For many years, Republican pollsters and conservative activists assumed, to their chagrin, that millennial voters were forming an exception to what has long been the rule of American politics: People get more socially and fiscally conservative as they get older.
Family formation and wealth accumulation have always tended to push people rightward, but my millennial generation’s later average age of marriage and shakier average bank accounts have long raised questions about whether this rule would hold for us.
More recent evidence suggests, however, that millennials may indeed be moving to the right as we age, just like our parents and grandparents did.

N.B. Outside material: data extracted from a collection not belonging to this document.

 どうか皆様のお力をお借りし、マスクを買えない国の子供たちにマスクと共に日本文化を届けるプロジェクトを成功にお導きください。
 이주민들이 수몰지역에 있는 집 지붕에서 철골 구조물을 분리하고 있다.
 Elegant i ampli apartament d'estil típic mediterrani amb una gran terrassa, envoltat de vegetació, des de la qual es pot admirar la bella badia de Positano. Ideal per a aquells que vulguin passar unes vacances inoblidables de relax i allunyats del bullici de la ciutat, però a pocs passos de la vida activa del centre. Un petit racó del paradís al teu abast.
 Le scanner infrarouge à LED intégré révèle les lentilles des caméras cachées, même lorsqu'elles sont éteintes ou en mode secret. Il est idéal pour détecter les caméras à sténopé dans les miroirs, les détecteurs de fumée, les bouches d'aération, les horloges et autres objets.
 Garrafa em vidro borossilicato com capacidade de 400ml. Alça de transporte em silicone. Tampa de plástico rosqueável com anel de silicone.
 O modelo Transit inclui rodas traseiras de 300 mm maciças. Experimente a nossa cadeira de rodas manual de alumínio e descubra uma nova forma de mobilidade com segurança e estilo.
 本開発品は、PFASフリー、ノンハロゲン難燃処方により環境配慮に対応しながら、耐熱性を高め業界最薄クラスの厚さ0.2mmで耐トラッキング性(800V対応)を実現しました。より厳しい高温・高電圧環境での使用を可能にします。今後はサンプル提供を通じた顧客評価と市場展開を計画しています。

So, conservatives and moderates can now take a deep breath, and rest easy in the knowledge that greater maturity continues to inspire greater respect for tradition and the near universal desire not to let the revolutionary impulses of the young destroy overnight what took centuries to build — right?
Not so fast.
I am 35 — an elder millennial — and I think there are two main reasons to remain concerned about the capacity of social or economic conservatism to gain adherents or shape policy in the decades to come, even if ever greater numbers of the largest generation in American history identify as Republicans.
First, the GOP is no longer socially or fiscally conservative. Although there are notable exceptions, the energy in today’s Republican Party is culturally reactionary and economically populist.
Deep frustration borne of legitimate grievances, both cultural and economic, with the establishment politicians in both parties — from the sneering, orthodox-secular elitism and anti-Americanism of the mainstream media to the off-shoring of jobs that pay a family wage to the abdication of any responsibility for a functional Southern border — have turned the once conservative GOP into a “burn it all down,” revolutionary party. Meanwhile, the Republican mainstream’s willing, if partial, embrace of racism and misogyny renders the GOP wholly delegitimized as a positive moral force.
After all, the Republicans’ current 2024 frontrunner, former President Trump, is a thrice-married adulterer who has been featured in recent media stories opposite both a porn star who claims to have had an affair with him and a journalist who claims he raped her. This is a guy, let us all remember, who spent the first Black president’s eight years in office clamoring to see his birth certificate and began his 2016 campaign by insisting that a judge’s ability to decide cases must be called into question because said judge was “a Mexican.”
Alas, today’s GOP is a long way from the “compassionate conservatism” of George W. Bush. “Vindictive resentment” is now a more fitting moniker.
Second and equally importantly, Democrats are no longer socially or fiscally progressive. Although there are still exceptions, the energy in today’s Democratic Party is culturally revolutionary and economically corporatized.
Cultural and economic progressivism require a reality principal; to be a progressive, one has to know what one is progressing from (i.e., the harsh barbarism of nature, in which might makes right and the strong dominate the weak). The idea that we should, as a nation, offer greater support to those who cannot easily make their own way because of either cultural differences (such as lack of facility with English, or physical or mental disability) or economic hardships (like single parenthood or illness) is the morally demanding core of what was once progressivism.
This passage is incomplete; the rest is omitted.